Вышел на двор, сел на лавочку. Она вот вчера спросила спокойным голосом, — кабы при этом глазами, как бритвами, не полоснула, так ведь ничего и не заподозришь!
— Ты, Парфен Семеныч, судя по всему, и деток нарожать захочешь?
Он побелел весь, губы запенились.
— Я, Настасья Филипповна, в детках ничего плохого не вижу, коли они от честных родителей родились.
Тут она прищурилась.
— Да где же ты, — шепчет, — честных тут родителей отыскал? Это уж не я ли, друг ты мой Парфен Семеныч, честная выхожу?
Рогожин вдруг замерз, хотя вечер был теплым. Только что начал было накрапывать мелкий дождичек, мельче слезинок, и перестал. Тучи в небе рассеялись, краешек солнца вспыхнул над крышей напротив.
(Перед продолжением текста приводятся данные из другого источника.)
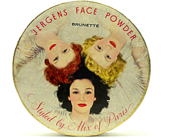 Remember when Jergens made makeup? (Neither do we.) Launched in the early 1940s, this Art Deco face powder was part of a cosmetics campaign featuring the Vargas Girls, an illustration of pin-up girls by Alberto Vargas. Each product came with a paper insert with the slogan, "The Newest in Complexion Loveliness," as well as a chart to match your shade -- Naturelle, Brunette, Rachel, or Dark Rachel. The words, "Styled by Alix of Paris" were scripted across the lid as a nod to French fashion designer Madame Alix Grès. Tres chic, non?

Холодно — а я посижу. Ты в гостях развлекаешься, а я тебя тут обжидать буду. Завтра-то, развлекайся не развлекайся, обвенчаемся с тобой, поглядим, кто кого. Привезу тебя, лебедь белую, ну, давай, скажу, разговаривать…
Встал, походил по двору. Голова вроде прошла, а туман в ней остался. Мысли дурацкие лезут… Положу тебя, лебедь белую… Ну, давай, скажу… А разговоры у нас с тобой, Настасья Филипповна, нехорошие будут. Я с тебя за все ответ получить желаю.
И за Тоцкого, хоть ты махонькая была! Махонькая! А почему ты, махонькая, от стыда лютого в петлю не залезла? В омут не бросилась? Махонькая! Сама же сказывала, что всякий раз к приезду оскорбителя своего платье новое надевала, от окна не отходила — ждала, пока лошади его из-за поворота покажутся! Вот тебе и махонькая! А в Петербурге потом? Семь, говоришь, годков одна-одинешенька? Ой ли? Это ты Дарье Алексеевне будешь сказывать, как ты семь годков после Афанасия Ивановича затворницей прожила, ей будешь небылицы плести…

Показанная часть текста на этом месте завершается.